Problems

A navigator wishes to determine the position \(D\) of his ship; he observes three landmarks \(A\), \(B\), \(C\) at his eye level, and measures the angles \(ADB\) and \(BDC\); he then reads off the distances \(AB\) and \(BC\) and the angle \(ABC\) from the chart. Obtain a formula that will enable him in general to calculate the angle \(DAB\) and hence to determine his position. Explain why the method breaks down when \(ABCD\) is a cyclic quadrilateral.

Obtain the general solutions of the trigonometrical equations:

1. [(i)] \(\sin^{-1}(2x) - \sin^{-1}(\sqrt{3}x) = \sin^{-1} x\);
2. [(ii)] \(\sin(\pi \cos x) = \cos(\pi \sin x)\).

Suppose that the functions \(f(x)\) and \(g(x)\) can each be differentiated \(n\) times. Prove that one can write \[\frac{d^n}{dx^n}\{g[f(x)]\} = g'[f(x)]u_1(x) + g''[f(x)]u_2(x) + \cdots + g^{(n)}[f(x)]u_n(x),\] where the functions \(u_k(x)\) depend on \(f(x)\), and on \(n\), but not on \(g(x)\). Show that \(u_k(x)\) is the coefficient of \(s^k\) in the expansion of \[e^{-sf(x)} \frac{d^n}{dx^n} [e^{sf(x)}]\] as a power series in \(s\).
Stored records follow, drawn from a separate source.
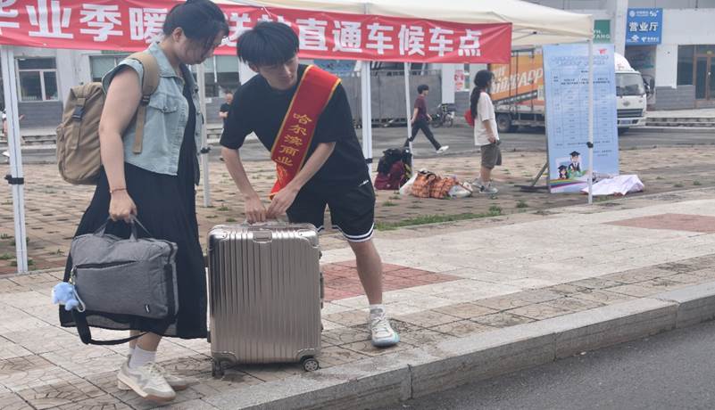 志愿团队细致统计了毕业生离校时间,根据学校每天四次的送站发车时间排出时间表,帮助毕业生整理行李,搬运物品,确保他们在学弟学妹的温暖传导中,满载学校的深情踏上人生新征程。在与毕业生的互动中,学弟学妹们和学长学姐聊着天,畅想着未来,交流着感情,分享着经验。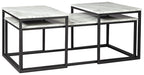 | Details | Made of decorative laminate, engineered wood and metal, Set of 3, Faux Carrera marble top and shelf, Nesting design, Tubular metal frame with black powder coated finish, Assembly required | |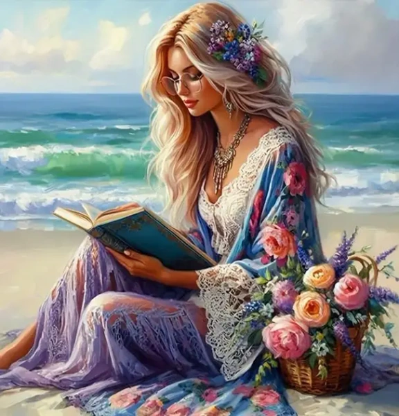 Diamentowa Mozaika Kobieta czytająca na wybrzeżu NO-2001851 - Norimpex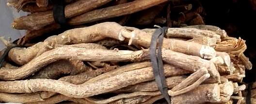 【药材】干燥根为长圆柱形,外表土黄色或土红色,有纵皱纹,并有稀疏支根与支根的断痕。断面纤维性,有丝状物,外围为棕色,中心为淡黄色。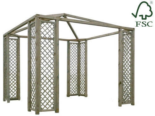 In legno di pino con trattamento autoclavato che consiste nell' immersione del legno in una soluzione salina a pressione che permette alle cellule del legno di aprirsi per assorbire meglio la soluzione impregnante che salvaguardano il legno dagli agenti atmosferici, funghi, muffe, insetti. Dimensioni 300x300 cm. - Altezza centro 250 cm. - Pali montanti 7x7 cm. - Grigliati angolari 40x210 cm. Telo di copertura non in dotazione Prodotto con legno certificato FSC® ovvero proveniente da foreste gestite in maniera corretta e responsabile secondo rigorosi standard ambientali, sociali ed economici..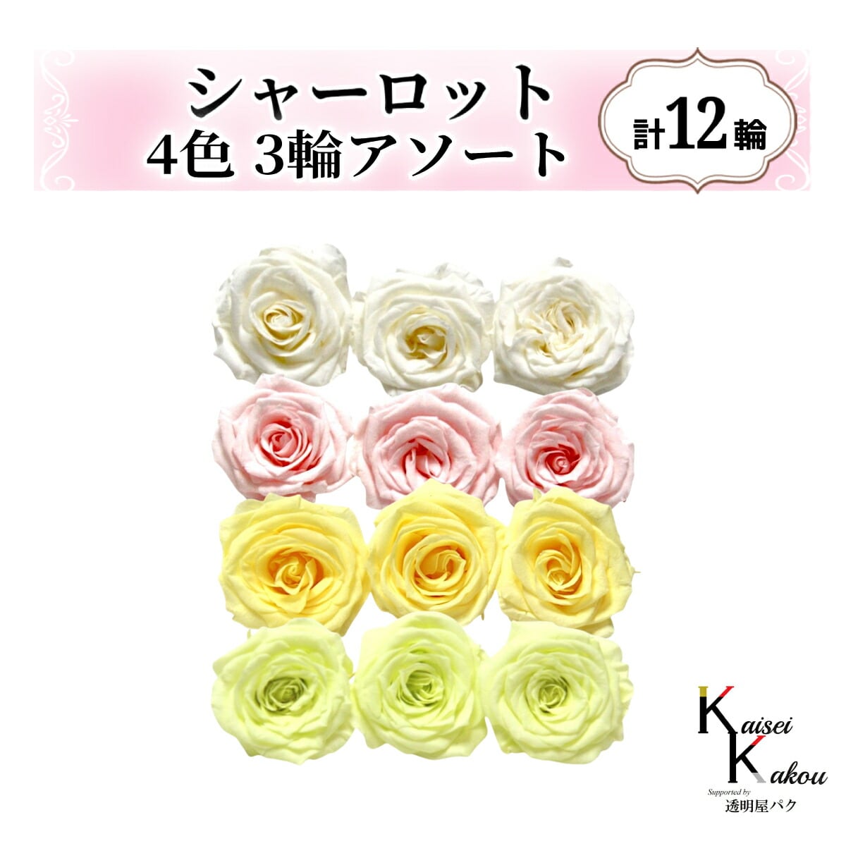 大地農園!プリザーブドフラワー「シャーロット 4色×3輪アソート 計12輪」「アンティックホワイト ブライダルピンク モーニングイエロー フレッシュグリーン」プリザ 花材 ハーバリウム おしゃれ ピンク バラ かわいい プレゼント 贈り物 オオチノウエン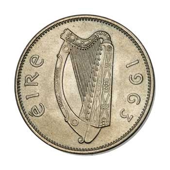 All sources identify this dog as an Irish wolfhound, which makes sense since this breed in Ireland dates back to the Celts in the 1st century BCE. However, the fellow who posed for this coin must have been shaved, since Irish Wolfhounds have long hair.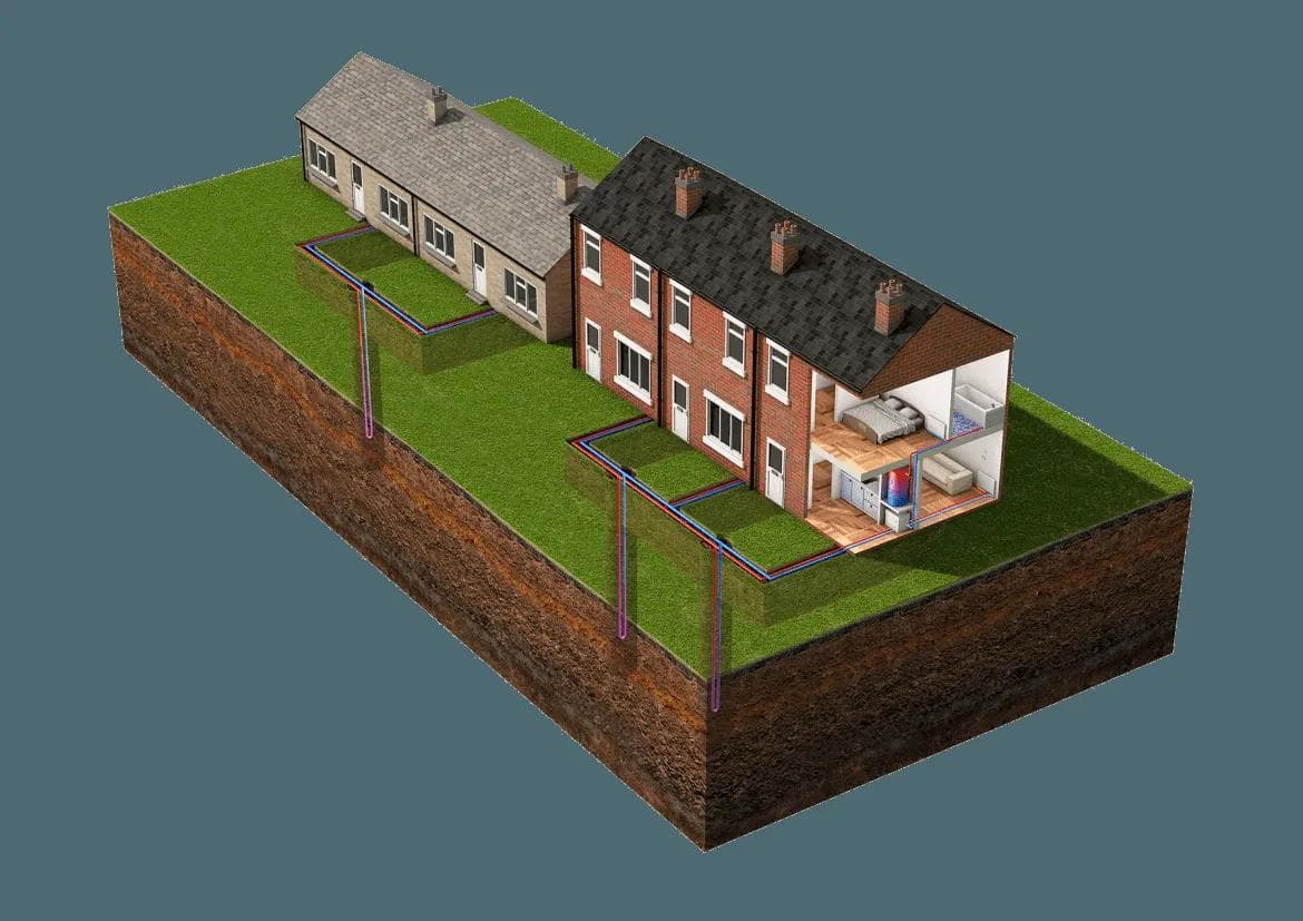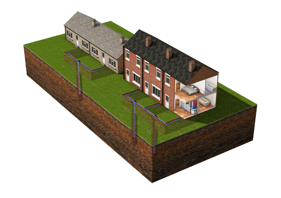 Typically one borehole is required per property. However, in Networked Heat Pump schemes, one deeper borehole could serve two properties, hence why they are referred to as a Shared Ground Loop Array.

Hence, or otherwise, prove that \[u_k(x) = \frac{1}{k!} \sum_{r=0}^k (-1)^{k-r} \binom{k}{r} [f'(x)]^{k-r} \frac{d^n}{dx^n} [f(x)]^r,\] where \(\binom{k}{r}\) denotes the coefficient of \(t^r\) in the binomial expansion of \((1+t)^k\).

Let \(a\) and \(c\) be given real numbers such that \(0 < a < c\); find the least value of \(x\) for which \[a \sec \theta + x \cos \sec \theta \geq c\] for all \(\theta\) between \(0\) and \(\frac{1}{2}\pi\).

Find \[\int \frac{dx}{x^4 + x^3}; \quad \int \frac{dx}{3 \sin x + \sin^2 x}.\] Evaluate \[\int_0^{2a} \frac{x dx}{\sqrt{(2ax - x^2)}}.\]

1. [(i)] Prove that \[\int_0^a f(x) dx = \int_0^a f(a-x) dx.\] Hence, or otherwise, evaluate the integral \[\int_0^\pi \frac{x \sin x}{1 + \cos^2 x} dx.\]
2. [(ii)] Prove that \[\frac{1}{2} < \int_0^1 \frac{dx}{\sqrt{(4-x^2+x^3)}} < \frac{\pi}{6}.\]

Solve the following equations:

1. [(i)] \(x^2(y^2 - 1) + xy + 1 = 0\),\\ \(y^2 + yz + z^2 = 3\),\\ \(x^2(z^2 - 1) + xz + 1 = 0\).
2. [(ii)] \(\sin 3x = \cos 4x\).

1. [(i)] If all the roots of the equation \(x^3 + px^2 + qx + r^3 = 0\) are positive, show that \(p \leq 3r\) and \(q \geq 3r^2\).
2. [(ii)] The numbers \(a\), \(b\), \(c\) are positive, and $$d = (b + c - a)(c + a - b)(a + b - c).$$ By considering \(d^2\), or otherwise, show that \(d \leq abc\).

If \((1 + x)^n = a_0 + a_1 x + \ldots + a_n x^n\), find

1. [(i)] \(\sum_{r=0}^{r=n} \frac{(-1)^r a_r}{r + 1}\),
2. [(ii)] \(\sum_{r=0}^{r=n-k} a_r a_{r+k}\).

If further, \(n\) is of the form \(4m + 2\), find $$a_1 - a_3 + a_5 - \ldots + a_{n-1}.$$

If $$f(a, b) = \sum_{n=1}^{\infty} \frac{1}{n^2 + an + b},$$ show that $$f(a + \beta, a\beta) = \frac{1}{\beta - a} \left( \frac{1}{a + 1} + \frac{1}{a + 2} + \ldots + \frac{1}{\beta} \right)$$ whenever \(\beta - a\) is a positive integer and \(a\) is not a negative integer. Evaluate \(f(-\frac{1}{2}, 0)\).